▶ Work task
Pictures stay out of the copy, and everything else in the data below is repeated exactly.

▶ Records provided

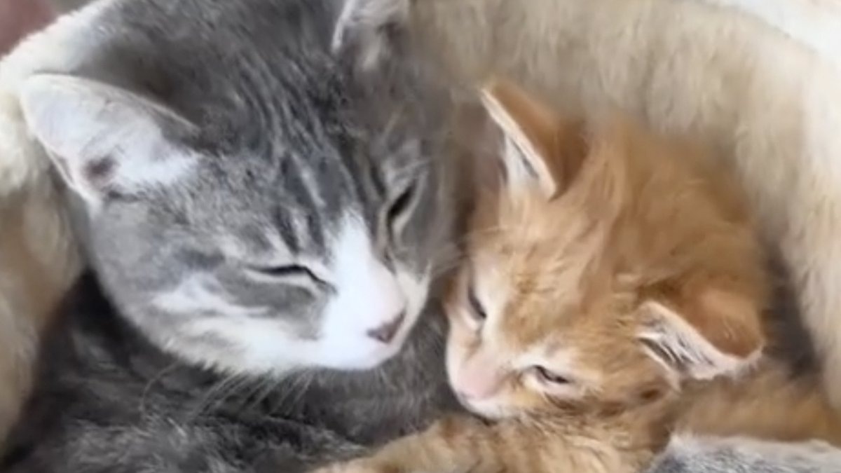 Опекунша, принявшая Пеппера на временное содержание, рассказала, что малыш не мог перестать дрожать, пока не встретил Поппи. Едва увидев взрослую кошку, кроха без страха подбежал к ней, а она начала вылизывать малыша. Складывалось впечатление, что эти двое — разлученные мать и дитя.
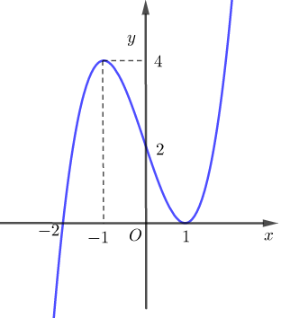 Phương trình \(f’\left( x \right) = 0\) có 1 nghiệm đơn duy nhất nên hàm số đã cho có 1 điểm cực trị.
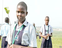 Một đại biểu trẻ tuổi trồng một cây con vào cuối Hội nghị biến đổi khí hậu của thiếu nhi Quốc tế, Kampala, Uganda, ngày 12/7/2014 |
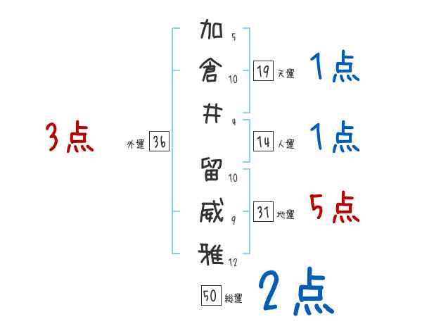 外運![]() | 加倉井留威雅さんの外運は36画の3つ星!先見性が豊かです。多少神経質で苦労することも。 生活面を象徴する運勢です。外部から受ける影響力を表し、結婚運、家庭運や職場、環境への順応性を表します。 |
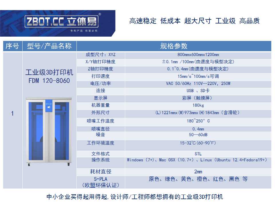 立體易FDM-120-8060超大尺寸工業級3D打印機
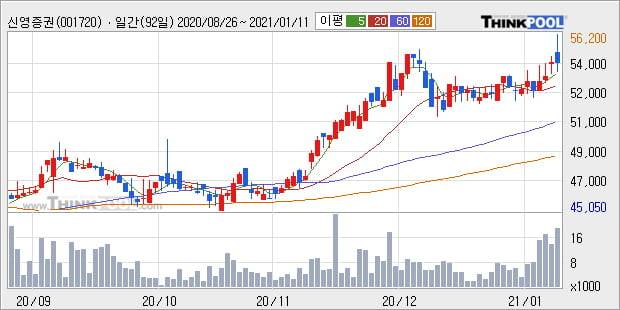 '신영증권' 52주 신고가 경신, 단기·중기 이평선 정배열로 상승세
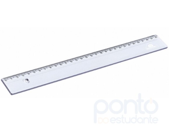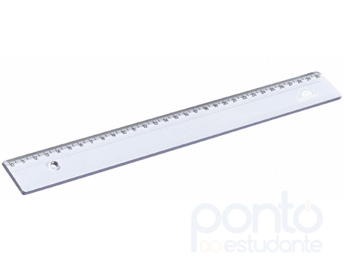 Régua em poliestireno, com escala de 30 cm gravada por transferência de imagem, garantindo alta precisão.
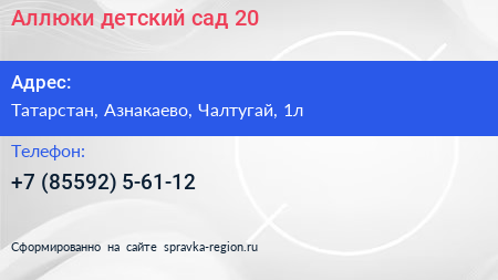 Аллюки, детский сад №20 по адресу Татарстан, Азнакаево, Чалтугай, 1л в дальнейшем Организация, размещена в следующих категориях:
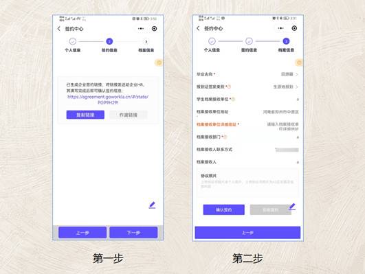 第一步:继续完善签约信息,点击【下一步】生成签约链接,将链接发至签约企业进一步完善。
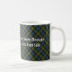 Insignia de Campbell escudo rodeada de una correa y hebilla sobre fondo tartán. Texto personalizado en ambos lados.
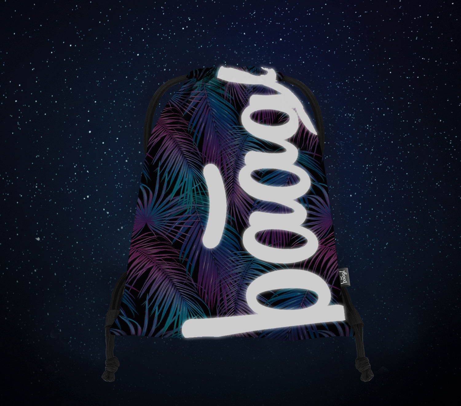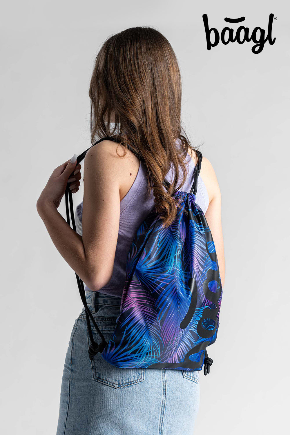Praktischer Beutel für Schuhe oder Turnbeutel mit zartem Blattmotiv und BAAGL-Logo aus recyceltem Material.
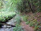 dieser Seite angebracht war. Nach etwa 40 m war auf der anderen Straßenseite eine Treppe (genau wie in der Wegbeschreibung) in das Bachtal hinunter. Ich durchwanderte dieses atemberaubend schöne Tal, auf der gegenüberliegenden Seite dann ansteigend am Tal entlang. Über eine Höhe und wieder hinunter ins nächste Tal, was schreibe ich, die nächste Klamm! Ich war in der Elendsklamm angekommen. Wild romantisch, jedoch auf dem Grund nicht begehbar.
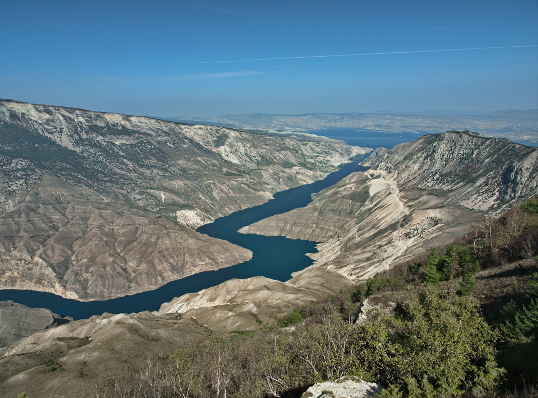 Чиркейское водохранилище. В завершении тура заедем еще на одну смотровую: отсюда открывается впечатляющий вид на самую высокую арочную плотину России. Чиркейская ГЭС с 200-метровой аркой, зажатой в ущелье реки Сулак, поражает мощью и размахом совместной работы природы и человека.

▶ Written response
 Опекунша, принявшая Пеппера на временное содержание, рассказала, что малыш не мог перестать дрожать, пока не встретил Поппи. Едва увидев взрослую кошку, кроха без страха подбежал к ней, а она начала вылизывать малыша. Складывалось впечатление, что эти двое — разлученные мать и дитя.
 Phương trình \(f’\left( x \right) = 0\) có 1 nghiệm đơn duy nhất nên hàm số đã cho có 1 điểm cực trị.
 Một đại biểu trẻ tuổi trồng một cây con vào cuối Hội nghị biến đổi khí hậu của thiếu nhi Quốc tế, Kampala, Uganda, ngày 12/7/2014 |
 外運![]() | 加倉井留威雅さんの外運は36画の3つ星!先見性が豊かです。多少神経質で苦労することも。 生活面を象徴する運勢です。外部から受ける影響力を表し、結婚運、家庭運や職場、環境への順応性を表します。 |
 立體易FDM-120-8060超大尺寸工業級3D打印機
 '신영증권' 52주 신고가 경신, 단기·중기 이평선 정배열로 상승세
 Régua em poliestireno, com escala de 30 cm gravada por transferência de imagem, garantindo alta precisão.
 Аллюки, детский сад №20 по адресу Татарстан, Азнакаево, Чалтугай, 1л в дальнейшем Организация, размещена в следующих категориях:
 第一步:继续完善签约信息,点击【下一步】生成签约链接,将链接发至签约企业进一步完善。
 Insignia de Campbell escudo rodeada de una correa y hebilla sobre fondo tartán. Texto personalizado en ambos lados.
Praktischer Beutel für Schuhe oder Turnbeutel mit zartem Blattmotiv und BAAGL-Logo aus recyceltem Material.
 dieser Seite angebracht war. Nach etwa 40 m war auf der anderen Straßenseite eine Treppe (genau wie in der Wegbeschreibung) in das Bachtal hinunter. Ich durchwanderte dieses atemberaubend schöne Tal, auf der gegenüberliegenden Seite dann ansteigend am Tal entlang. Über eine Höhe und wieder hinunter ins nächste Tal, was schreibe ich, die nächste Klamm! Ich war in der Elendsklamm angekommen. Wild romantisch, jedoch auf dem Grund nicht begehbar.
 Чиркейское водохранилище. В завершении тура заедем еще на одну смотровую: отсюда открывается впечатляющий вид на самую высокую арочную плотину России. Чиркейская ГЭС с 200-метровой аркой, зажатой в ущелье реки Сулак, поражает мощью и размахом совместной работы природы и человека.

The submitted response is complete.